Reference / Apple II / II+
Videx VideoTerm Installation & Operation Manual
Complete factory manual for the Videx VideoTerm 80-column card. Covers the MC6845 CRTC, firmware listing, memory map, character ROM, auxiliary slot interface, and CP/M integration.
The Videx VideoTerm was the dominant 80-column card for the Apple II and II+, introduced in 1980 and manufactured in Corvallis, Oregon. It was the card that made the Apple II viable as a business machine — without it, WordStar, VisiCalc in wide-column mode, and the CP/M software ecosystem were all inaccessible. Apple’s own 80-column card didn’t arrive until the IIe in 1983.
At the heart of the VideoTerm is the Motorola MC6845 CRT Controller, a programmable CRTC that handles horizontal and vertical timing, cursor generation, and address calculation entirely in hardware. The VideoTerm exposes all 18 addressable MC6845 registers through a two-register I/O interface at the slot’s device select space, giving software complete control over display geometry, cursor shape, and timing parameters.
What This Manual Covers
This is the complete factory installation and operation manual, 154 pages. Key sections include:
- Hardware installation — slot selection, switch configuration, auxiliary connector wiring
- MC6845 register reference — all 18 control registers with bit-level descriptions, valid ranges, and timing formulas. This is the primary programming reference for software driving the card directly.

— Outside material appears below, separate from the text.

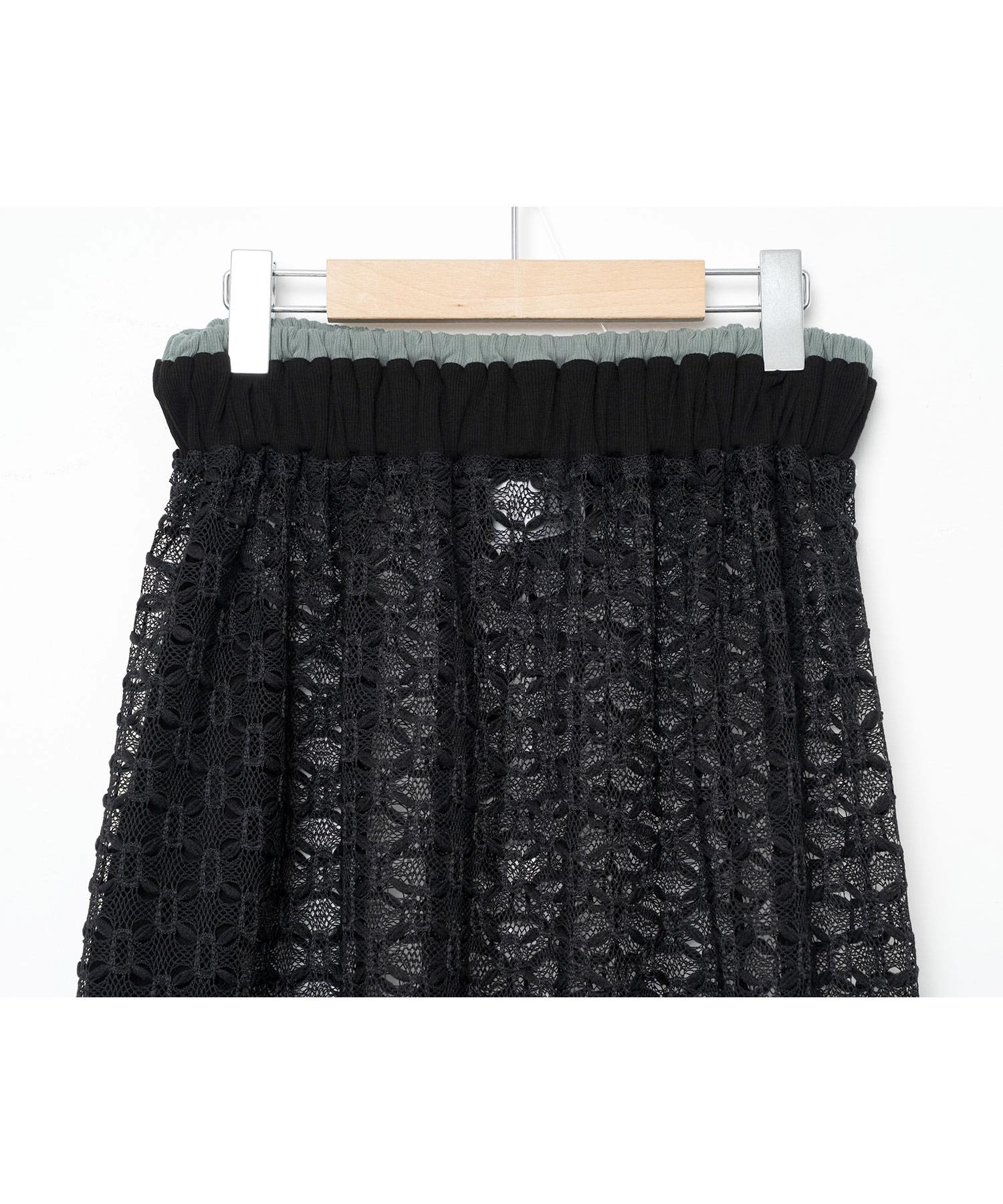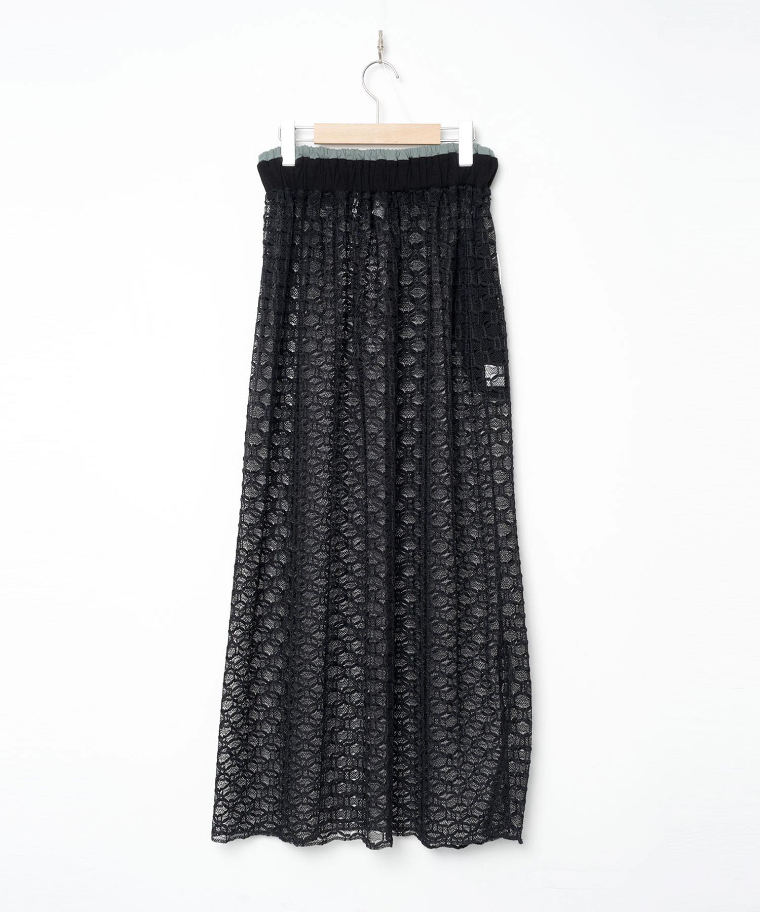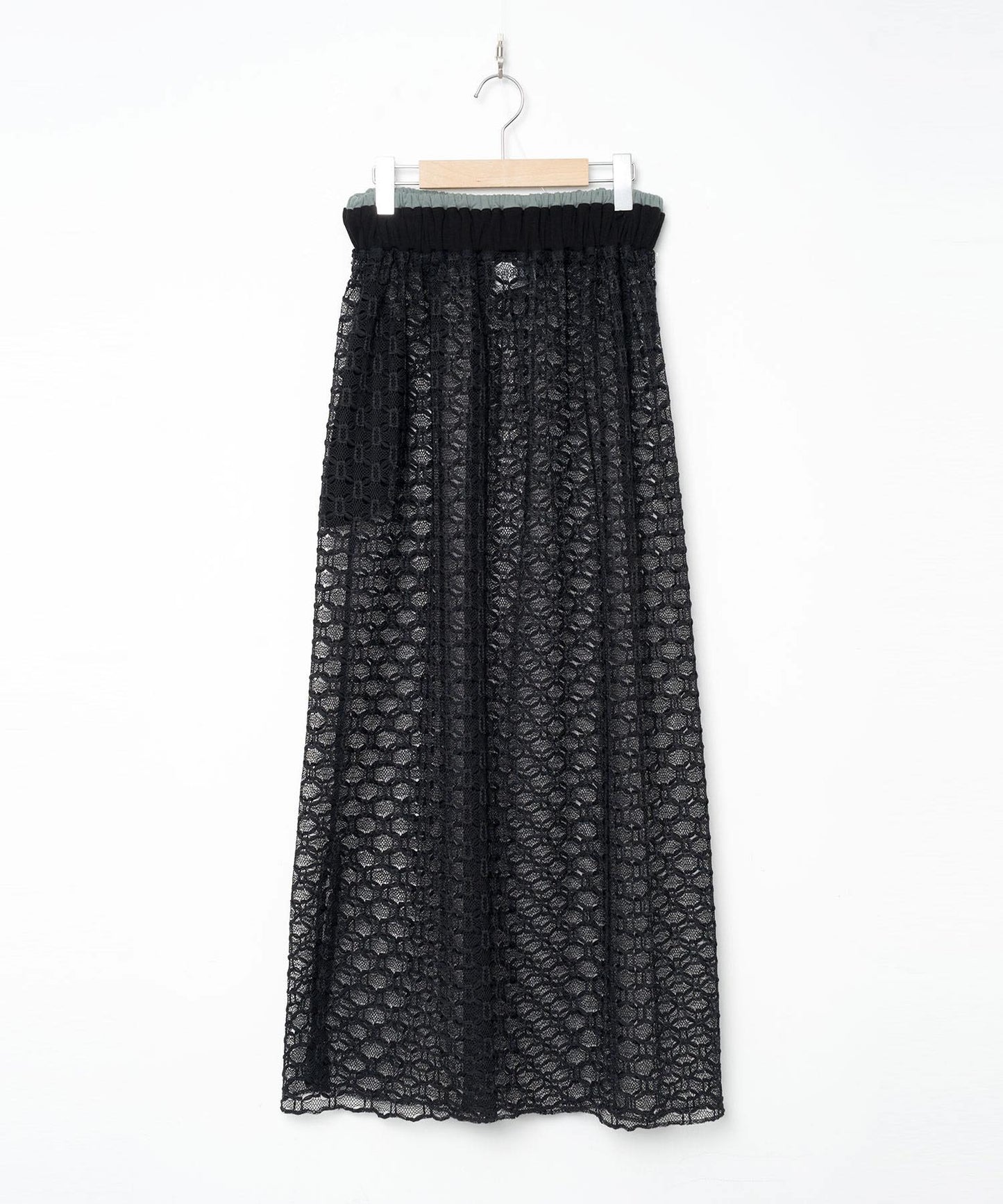 繊細に織り上げられたレースで仕立てたロングスカート。中級者向けの重ね着アイテムですが、シックな色目で意外に使いやすいと評判です。太めのジーンズなんかに重ねてもいい感じ。

- Memory map — the 2KB character ROM, the 2KB display RAM, and the I/O register layout within the slot’s address space
- Firmware listing — annotated 6502 assembly for the on-card ROM, including the slot-3
IN#/PR#dispatch, 80-column firmware entry points, and the Pascal auxiliary slot protocol - Character sets — complete character ROM tables for the standard and alternate character sets, including the inverse/flashing mode encoding
- Software examples — BASIC and assembly language examples for initializing the card, writing to the 80-column display, and reading back the cursor position
- CP/M integration — configuring the VideoTerm as the system console under Apple CP/M, including the terminal emulation parameters
Relationship to Site Articles
The A2FPGA series articles on this site document emulating the VideoTerm on an FPGA:
- Part 1: The Card That Made the Apple II Serious — hardware architecture, MC6845 internals, why slot 3 is architecturally special
- Part 2: Building the Rendering Pipeline — VRAM banking, C8-space ownership, the Pascal boot hang
The manual’s MC6845 register table (Section 3) and firmware listing (Section 6) were the primary references for the FPGA implementation. The Pascal auxiliary slot protocol described in Section 5 explains the exact handshake that caused the boot hang documented in Part 2.